The problem: Once the pictures are set aside, transcribe each line of the data exactly.

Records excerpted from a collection
*** Begin section ***

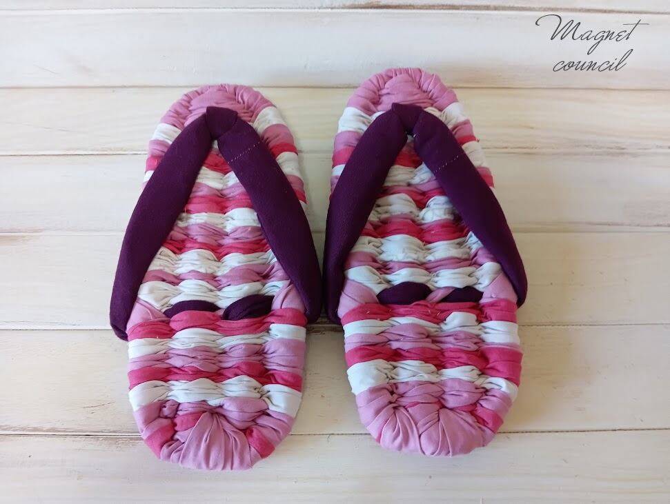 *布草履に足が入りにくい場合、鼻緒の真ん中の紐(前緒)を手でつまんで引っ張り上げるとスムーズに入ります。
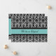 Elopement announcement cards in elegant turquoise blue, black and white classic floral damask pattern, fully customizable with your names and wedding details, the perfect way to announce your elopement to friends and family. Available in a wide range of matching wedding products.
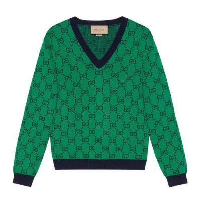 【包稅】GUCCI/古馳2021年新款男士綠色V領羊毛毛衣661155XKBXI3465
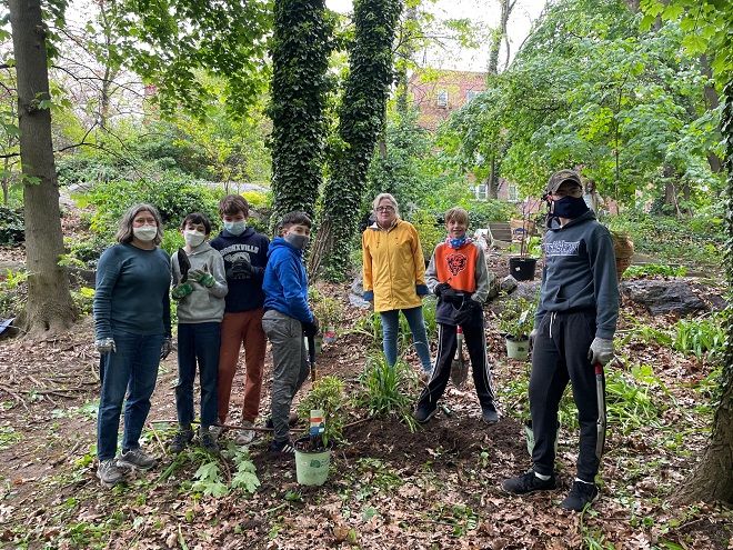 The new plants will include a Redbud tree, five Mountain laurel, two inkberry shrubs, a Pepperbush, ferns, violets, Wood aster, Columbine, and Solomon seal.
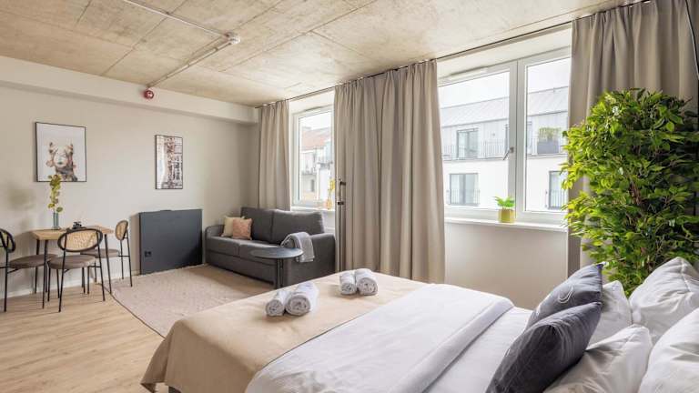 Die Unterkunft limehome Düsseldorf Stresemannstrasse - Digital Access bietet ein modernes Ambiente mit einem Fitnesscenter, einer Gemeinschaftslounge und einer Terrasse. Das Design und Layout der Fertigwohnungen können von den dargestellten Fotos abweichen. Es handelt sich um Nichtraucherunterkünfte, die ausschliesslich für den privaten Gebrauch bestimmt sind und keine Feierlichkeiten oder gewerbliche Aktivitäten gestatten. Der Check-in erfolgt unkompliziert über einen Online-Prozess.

*** End section ***

Result of the task:
 *布草履に足が入りにくい場合、鼻緒の真ん中の紐(前緒)を手でつまんで引っ張り上げるとスムーズに入ります。
 Elopement announcement cards in elegant turquoise blue, black and white classic floral damask pattern, fully customizable with your names and wedding details, the perfect way to announce your elopement to friends and family. Available in a wide range of matching wedding products.
 【包稅】GUCCI/古馳2021年新款男士綠色V領羊毛毛衣661155XKBXI3465
 The new plants will include a Redbud tree, five Mountain laurel, two inkberry shrubs, a Pepperbush, ferns, violets, Wood aster, Columbine, and Solomon seal.
 Die Unterkunft limehome Düsseldorf Stresemannstrasse - Digital Access bietet ein modernes Ambiente mit einem Fitnesscenter, einer Gemeinschaftslounge und einer Terrasse. Das Design und Layout der Fertigwohnungen können von den dargestellten Fotos abweichen. Es handelt sich um Nichtraucherunterkünfte, die ausschliesslich für den privaten Gebrauch bestimmt sind und keine Feierlichkeiten oder gewerbliche Aktivitäten gestatten. Der Check-in erfolgt unkompliziert über einen Online-Prozess.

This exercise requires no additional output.